Tyson Jay Motsenbocker (born April 26, 1986) is an American songwriter and guitarist. He has released three studio albums, 2016's Letters to Lost Loves,  2020's Someday I'll Make It All Up to You, and 2022's Milk Teeth, all three with Tooth & Nail Records.

Early years and background
Tyson Jay Motsenbocker was born on April 26, 1986, in Wenatchee, Washington, while he was raised in Pullman, Washington, by his parents William "Bill" and Jeanne Motsenbocker. He has a sibling, Jaimie Motsenbocker. Motsenbocker is a graduate of Whitworth University in Spokane, Washington, where he graduated in 2009 with his baccalaureate in English. He now resides in San Diego, California.

Music history
His music recording career began in 2010, with the extended play, Until It Lands. The subsequent extended play, Rivers and Roads, was independently released in 2013. He released, Letters to Lost Loves, on March 4, 2016, with Tooth & Nail Records.
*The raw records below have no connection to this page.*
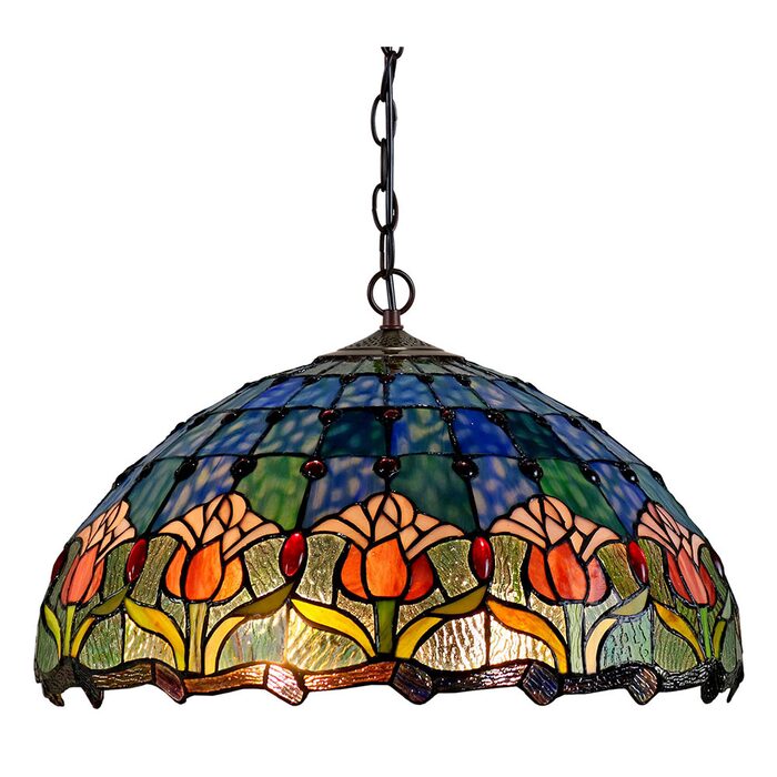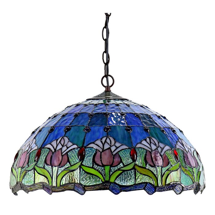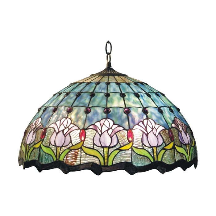 The Mauve Tulip pendant is a colourful Tiffany style lamp that combines many pieces of art glass to create a stunning and complex design.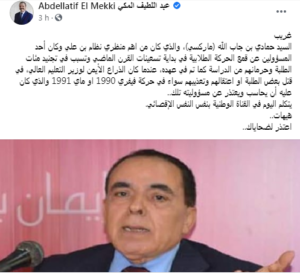 وإعتبر المكي، عضو المكتب التنفيذي لحركة النهضة، في تدوينة نشرها مساء أمس، على صفحته الرسمية بموقع التواصل الإجتماعي فيسبوك، أن ضيف الأخبار يستعمل نفس الخطاب الإقصائي الذي تعود عليه منذ زمن بن علي، واصفا إياه “بأهم المنظرين للنظام السابق، وأحد المساهمين في قمع الحركة الطلابية في التسعينات”، محمّلا إياه “مسؤولية اعتقالات وقتل الطلبة بين 1990 و1991، كما طالبه بالإعتذار عن تلك المسؤولية في ذلك الزمن.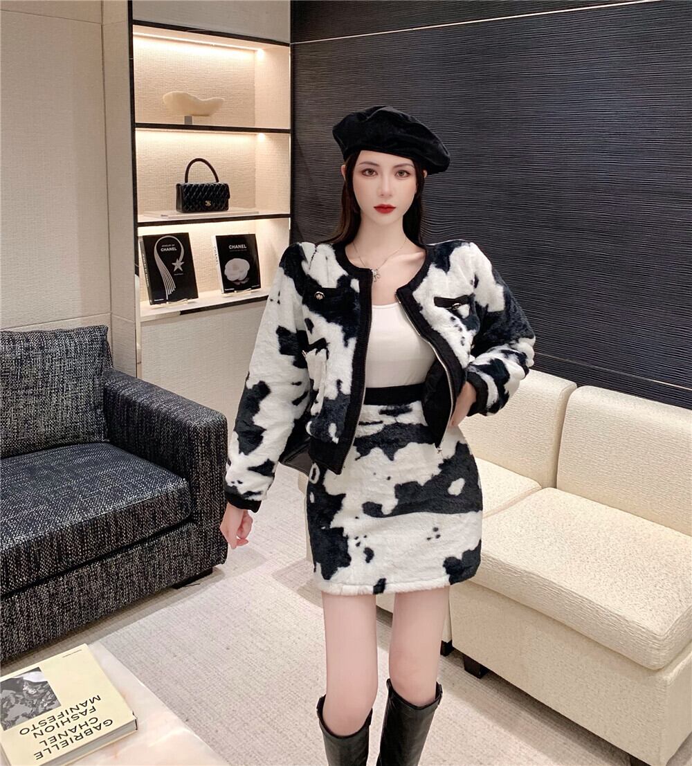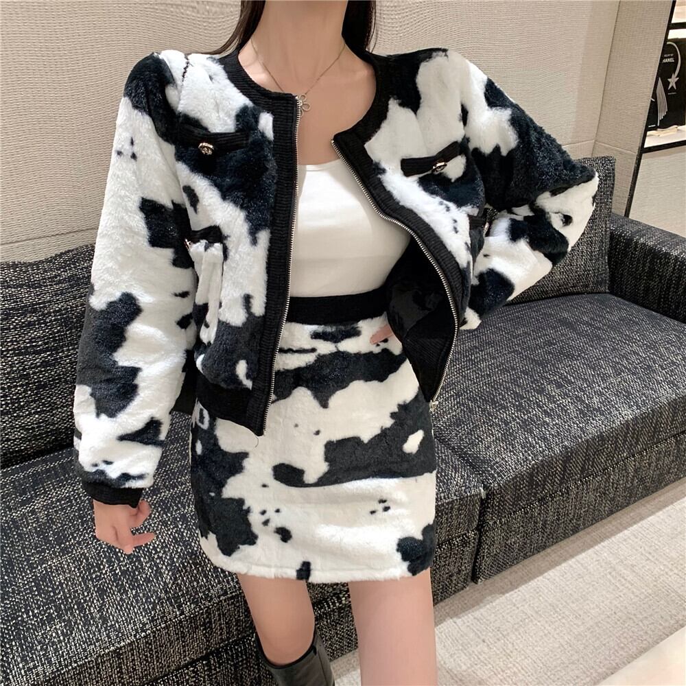 【セットアップ】カウ柄 ジャケット+ハイウエストスカート ツーピース ラウンドネック スリム ミニスカート レディース a3809

Much of the content and songwriting for Letters to Lost Loves was created during a month long walk he took from his home in San Diego to the Golden Gate Bridge in San Francisco Motsenbocker followed up his debut album with two additional extended play albums in 2017, Almira and A Kind Invitation also with Tooth & Nail Records.

On February 14, 2020, he released his sophomore full-length album,  Someday I'll Make It All Up to You. 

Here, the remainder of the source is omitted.